Interviews, insight & analysis on digital media & marketing

Owen Hancock of Impact.com on the rise of partner-led marketing: “80% of Gen Z think brands tell lies”

With more brands shifting spend away from traditional advertising in favour of creator and affiliate-led strategies, performance marketing is undergoing a significant revival in 2025. 

impact.com is a unified platform for partner-led marketing (encompassing affiliate, influencer and referral marketing), already powering campaigns for Uber, Levi’s and TUI, welcomed over 700 new clients in the first quarter of this year, including Monzo, Ocado and New Balance. The company has also released new research and product updates to support this growth, and is behind Best Buy’s new creator-powered Storefronts.

New Digital Age spoke to Owen Hancock, RVP, Marketing – EMEA at impact.com to find out more about the evolution of partner-led marketing…

Hi Owen. Tell me about your role at impact.com.

I’ve been at impact.com since 2019, leading our marketing efforts across EMEA. My team’s core mission is to show brands how partnerships are transforming the way they can connect, grow, and build that essential trust with their audiences. Through these authentic relationships, they are driving customer acquisition and delivering results that traditional methods can’t match. When I started six years ago, our EMEA operations were run only from London, but our expansion to have offices in Berlin, Milan, Olso, Copenhagen, Stockholm, Paris, and soon Madrid, is a direct result of European brands embracing this powerful new way to grow.

Why is partner-led marketing gaining ground on traditional advertising spend?

Partner-led marketing includes channels such as affiliate, influencer and creator marketing, advocate programmes and B2B partnerships. The point of it is to harness trusted voices, which are strong, important advocates for brands at a time when people are tuning out traditional advertising, or simply rejecting it.

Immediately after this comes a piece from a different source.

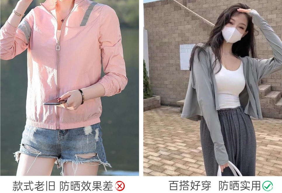1、 45年国民服装品牌 冰感防晒面料,UPF50+防晒能力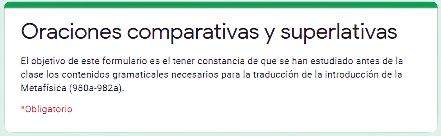 Así pues, la unidad didáctica, como se verá a continuación, integró no solo métodos, enfoques y metodologías de enseñanza y aprendizaje de lenguas extranjeras, sino también TAC para la lectura, interpretación y traducción de la introducción de la Metafísica de Aristóteles (980a-982a).

There’s a growing distrust of traditional advertising, especially among younger audiences: 80% of Gen Z think brands lie about their products; 70% of millennials don’t trust what a brand says about itself. So people are doing their own research and looking to third parties, who they see as unbiased and neutral. That, for me, is a big part of why partner marketing has really taken off.

It has other real strengths too. It’s a much more accountable model than traditional advertising, which means brands really know what’s working and what’s not. And it provides much broader insights and opportunities. That’s why partner marketing is a great way for brands to enter new international markets – you leverage the trust of local partners, and they in turn persuade their audiences.

How does Impact.com work with brands and/or agencies to leverage Partner-Led Marketing? What sort of brands are most likely to explore the opportunity?

Our clients are predominantly brands, though about half of them also choose to work with an agency. But partnership marketing is an approach that works for companies at all stages. For young companies, it’s a way to become known and established, while more established companies can really power and grow their business through mature partnership programmes.

Different companies will always use different types of partnership: for niche players, advocacy programmes where passionate customers spread the word can be powerful. For mature companies, reviews and comparison sites may play a big role.

For all of them, a big part of the value we provide is in connecting brands with the right partners quickly and efficiently. It’s not necessarily about size and scale – it’s about fit. A creator with 10,000 followers who genuinely loves a product can be as powerful, if not more so, than someone with a million followers promoting something they don’t actually use.

Based on your work with clients, what marketplace trends do you think will be most significant in the near future?

We’re seeing a slowdown in consumer spending – not in the number of transactions, but in order values. People are being more intentional, doing more research, and making sure they’re getting the best deal. The message is that people are still buying, but they’re being much more considered.

What does success look like for impact.com over the next three years? 

Success means leading the market’s transformation out of the “Ad-Led Era” and into the “Partner-Led” future. We are currently in a customer acquisition crisis; while global advertising spend surpassed $1 trillion in 2024, customer acquisition costs have skyrocketed 222% over the past decade. Brands are effectively spending three times more for the same result. Partner marketing is only about 2% of that total spend, and our goal is to grow that proportion significantly by proving that brands should reallocate their budgets toward partnerships. Partner-led marketing is more accountable and effective because it builds authentic connections in a world where consumers trust people, not ads. 

We’re also investing a great deal in our technology to power this shift, building on our foundations as an AI-native platform. As a tech-led company, we’ve always been built on automation; now, we are embedding intelligence into the architecture itself, woven into every workflow. AI is only as valuable as the intelligence behind it, and our platform is powered by the largest proprietary dataset in the industry, which includes $100B in partner-driven commerce from more than 4,700 brands. For us, AI is not about bolting on a chatbot; it’s about creating “decision-grade models” that deliver genuine incremental impact and move toward ‘agentic automation’, where AI agents don’t just respond, they actively recruit, optimise, and guide.